◆ Exercise brief ◆
Begin with the line below holding "Память: 28 (15)" and go on through the line holding "Colisão entre motocicletas", duplicating each line exactly and leaving out pictures.

◆ Records provided ◆

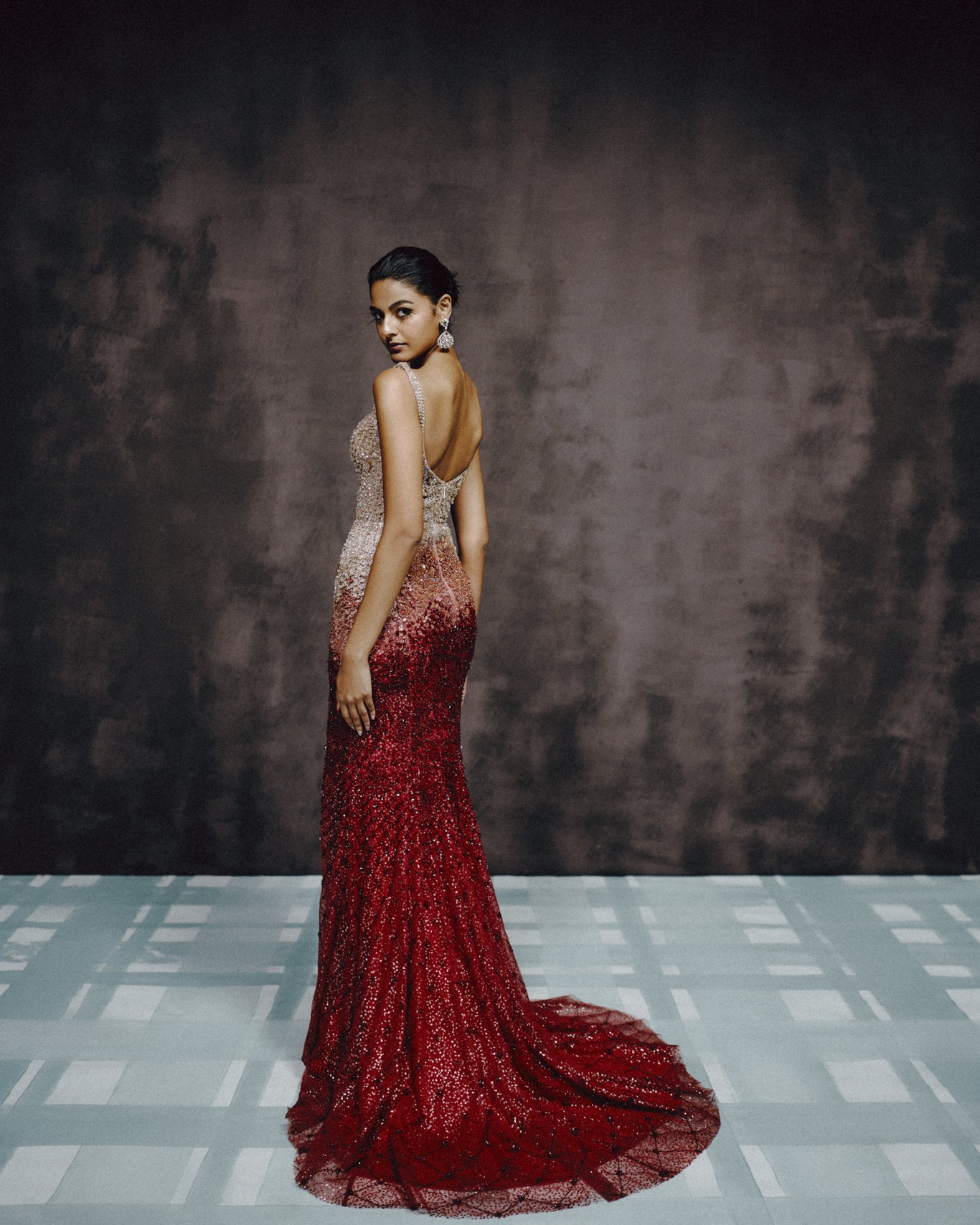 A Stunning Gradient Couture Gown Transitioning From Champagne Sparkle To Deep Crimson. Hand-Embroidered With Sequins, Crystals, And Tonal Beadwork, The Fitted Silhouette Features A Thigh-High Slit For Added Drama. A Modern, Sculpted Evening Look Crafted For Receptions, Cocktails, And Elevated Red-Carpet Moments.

...

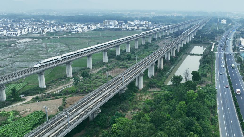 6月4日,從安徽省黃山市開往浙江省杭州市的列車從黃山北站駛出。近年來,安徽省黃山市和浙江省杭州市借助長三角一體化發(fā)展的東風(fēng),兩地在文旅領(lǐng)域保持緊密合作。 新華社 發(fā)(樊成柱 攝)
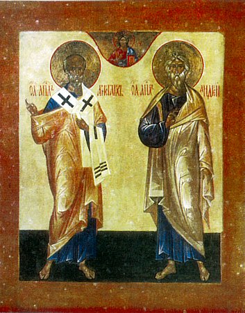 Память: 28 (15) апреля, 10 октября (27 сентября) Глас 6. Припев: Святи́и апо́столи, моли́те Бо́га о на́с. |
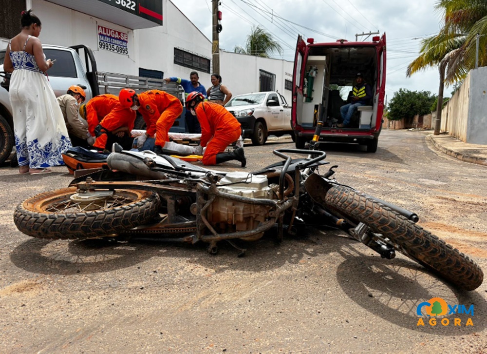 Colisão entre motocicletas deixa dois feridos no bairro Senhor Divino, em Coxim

---

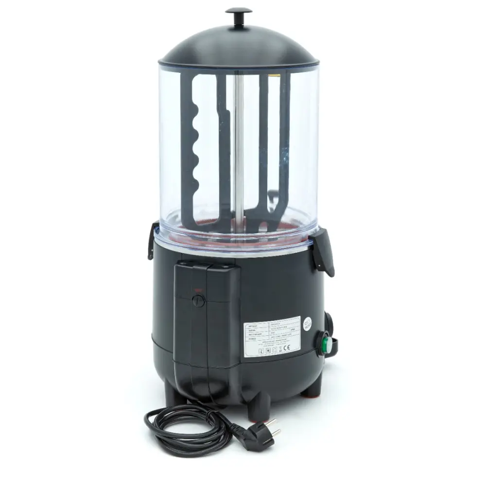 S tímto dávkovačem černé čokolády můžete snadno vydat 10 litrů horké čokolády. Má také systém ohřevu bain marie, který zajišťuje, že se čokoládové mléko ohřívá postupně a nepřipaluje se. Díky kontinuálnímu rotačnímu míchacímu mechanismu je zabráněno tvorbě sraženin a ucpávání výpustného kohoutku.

◆ Your solution ◆
 Память: 28 (15) апреля, 10 октября (27 сентября) Глас 6. Припев: Святи́и апо́столи, моли́те Бо́га о на́с. |
 Colisão entre motocicletas deixa dois feridos no bairro Senhor Divino, em Coxim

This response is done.